Святитель Тихон. Патриарх Московский и всея России
Шрифт:
«Божьей милостью, Тихон, Патриарх Московский и всея России». Об этом самым красноречивым образом свидетельствует одна интересная подробность напечатанного в советских газетах текста «послания». Здесь заголовок «послания» имеет особенность, которая как нельзя ярче проявляет, что эта формулировка заголовка сделана не Синодом, а посторонней рукою: «Божьей милостью, Тихон, Патриарх Московский и всея Российской Церкви». Такой формулировки заголовка Св. Синод в своем тексте никак уже не мог допустить; ее мог допустить только Тучков, но, конечно, только в том случае, если в синодальном тексте не было никакого заголовка (ибо сознательно изменить уже имевшуюся над текстом обычную формулировку заголовка на свою собственную значило бы для Тучкова дать прямой повод к сомнениям в подлинности «послания»). Итак, представленный Тучкову митрополитом Петром синодский текст «послания» имел вид предварительного чернового наброска. Предложенные Тучковым поправки и дополнения к этому тексту митрополит Петр мог сделать во время беседы с Тучковым только на полях рукописи или, вернее всего, в виде нового чернового наброска «послания» и только в таком виде, ввиду краткости позднего вечера времени, представить Патриарху для одобрения или неодобрения. Так как митрополит Петр ездил к Тучкову по поручению Синода и Патриарха, то, наверное, Патриарх с нетерпением ожидал появления к нему митрополита Петра с сообщением о той или другой реакции Тучкова на синодский текст послания. Реакция, по-видимому была крайне резкая и угрожающая, и поправки были предложены самым ультимативным образом.
Но еще доказательнее, в смысле неподлинности «послания», является отношение к нему митрополита Сергия. В качестве непременного условия для легализации Патриаршего Управления Тучков потребовал от митрополита Сергия особого послания с ясным, определенным заявлением о его полном признании советской власти и об искреннем расположении к ней. Все это как нельзя более сильно выражено в предсмертном «патриаршем послании». И если бы оно было подлинным, то первое, что должен был бы Тучков потребовать от митрополита Сергия, это то, чтобы он выразил в своем послании свое полное признание этого «патриаршего послания» и изъявление своей верности всем тем директивам в отношении советской власти, какие там даются русской иерархии. Мало того, прямой ссылки на это «послание» и на данные там как бы «патриаршие» директивы безусловно требовало от митрополита Сергия и наличное настроение иерархии и церковного народа. Издавая такое послание, митрополит Сергий хорошо знал, что с мыслями его послания крайне трудно будет примириться и иерархии, и церковному народу и что с их стороны в том или другом объеме, но непременно должны обрушиться на него негодование и создаться резкая оппозиция. И как бы ему было легко отвратить от себя лично это негодование самым решительным образом – ссылкой и прямыми выдержками из «послания» Патриарха, указать, что это, собственно, не его лишь мысли, а мысли самого почившего Патриарха, против авторитета которого должна умолкнуть всякая оппозиция. Но митрополит Сергий в своем известном послании от 29 июля 1927 года явно и решительно уклоняется от какого-либо упоминания об этом «послании» и от ссылок на него, даже в тех случаях, в которых такие ссылки повелительно требовались существом дела. Укажу на несколько мест послания митрополита Сергия.

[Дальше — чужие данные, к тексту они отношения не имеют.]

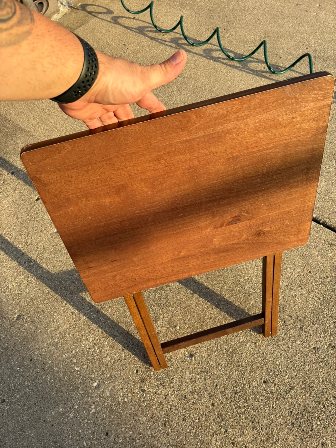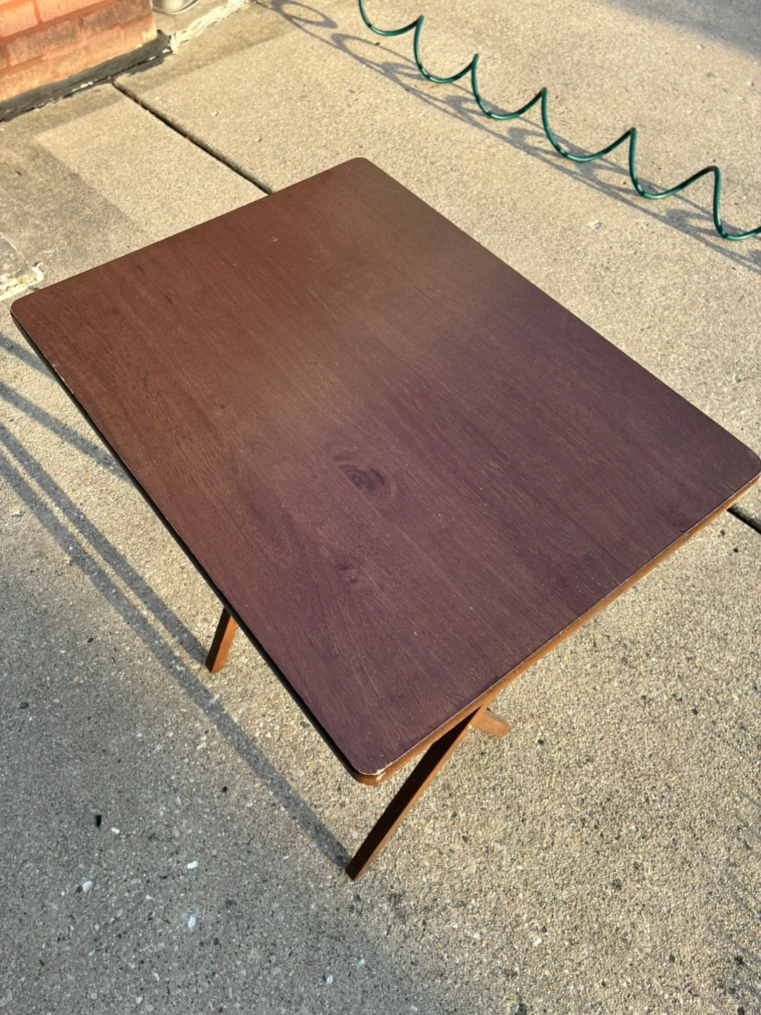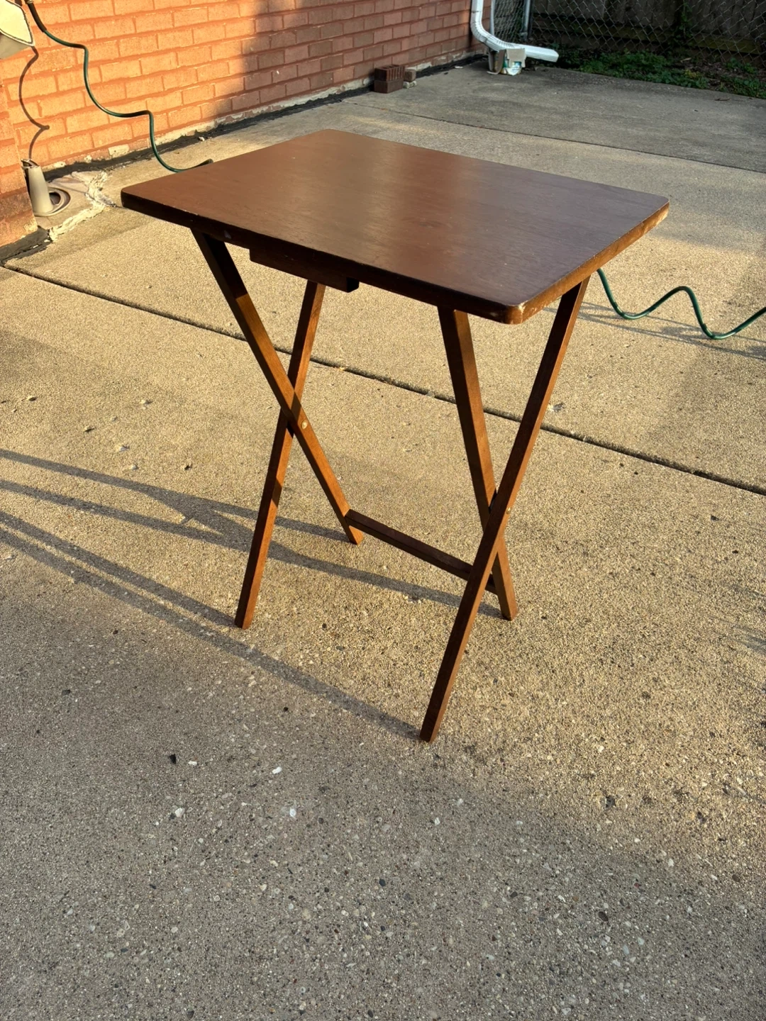 Folding TV Tray Table - Brown Selling a folding TV tray table. It's in good condition and perfect for eating in front of the TV or using as a small side table. The table is brown and folds up easily for storage Pick up in Norridge Price $10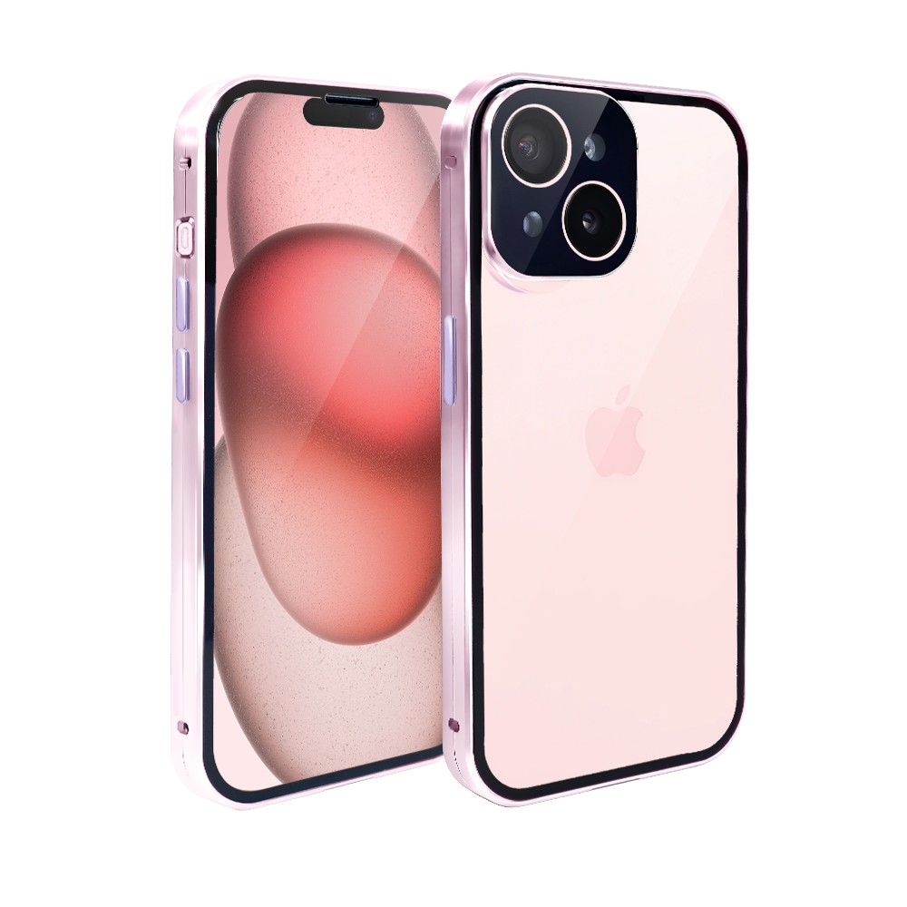 Obudowa do iPhone 15, podwójna szyba i aluminium 360° przód + tył magnetyczna, z osłoną aparatu, blady różowy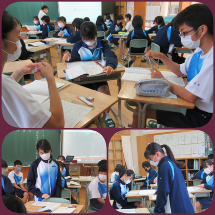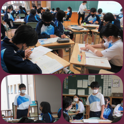 今日のめあては、段落の役割を捉えよう!班で話し合いをし、意見を出し合っていました。机の上は、必要なものだけにしておくと、集中して課題に取り組めますね。

а) Свое послание митрополит Сергий начинает такими словами: «Одной из забот почившего Святейшего отца нашего Патриарха Тихона перед его кончиной было поставить нашу Православную Церковь в правильные отношения к советскому правительству». Сделав такое заявление, митрополит Сергий, естественно, чувствует безусловную необходимость подтвердить его какими-либо словами самого Патриарха. И, конечно, для этого ему не было ничего проще и доказательней, как сослаться прямо на существование такого предсмертного волеизъявления почившего Патриарха, как предсмертное «послание», где желание «правильных отношений к советскому правительству» в духе митрополита Сергия выражено как нельзя более сильно. Но, вместо того чтобы сослаться на какие-либо слова Патриарха, находящиеся в его предсмертном «послании», митрополит Сергий не находит ничего лучшего, как сослаться на слышанную им когда-то из уст Патриарха в частной, домашней беседе фразу: «Нужно бы пожить еще годика три». Фраза эта сама по себе, конечно, не содержит ничего другого, кроме желания Патриарха «пожить еще годика три». А для чего «пожить» – она не говорит. Митрополит Сергий совершенно произвольно дает этой фразе смысл надежды Патриарха в эти «годика три» установить «правильные отношения к советскому правительству», и так же произвольно утверждает, что эту фразу Патриарх высказал, «умирая». Что эта фраза действительно принадлежит Патриарху, это правда. Но все, кто близко стоял к Патриарху, могут засвидетельствовать, что они эту фразу не раз слышали из уст Патриарха задолго до смерти и совсем в другом, обратном, смысле: этой фразой Патриарх выражал надежду, которой жили все тогда в Советской России, – надежду на скорое падение советской власти, скорое восстановление мирной, нормальной жизни для всех, и прежде всего для Русской Церкви, и желание дожить именно до этого момента. Если бы митрополит Сергий признавал подлинность предсмертного послания Патриарха Тихона, то, конечно, он воспользовался бы соответствующими сильными и вполне доказательными словами этого «послания» и не был бы вынужден ссылаться на не имеющуюся никакого отношения к делу устную фразу Патриарха из области его частных домашних разговоров, выискивая в них смысл совершенно обратный тому, который они в действительности имели в устах Патриарха.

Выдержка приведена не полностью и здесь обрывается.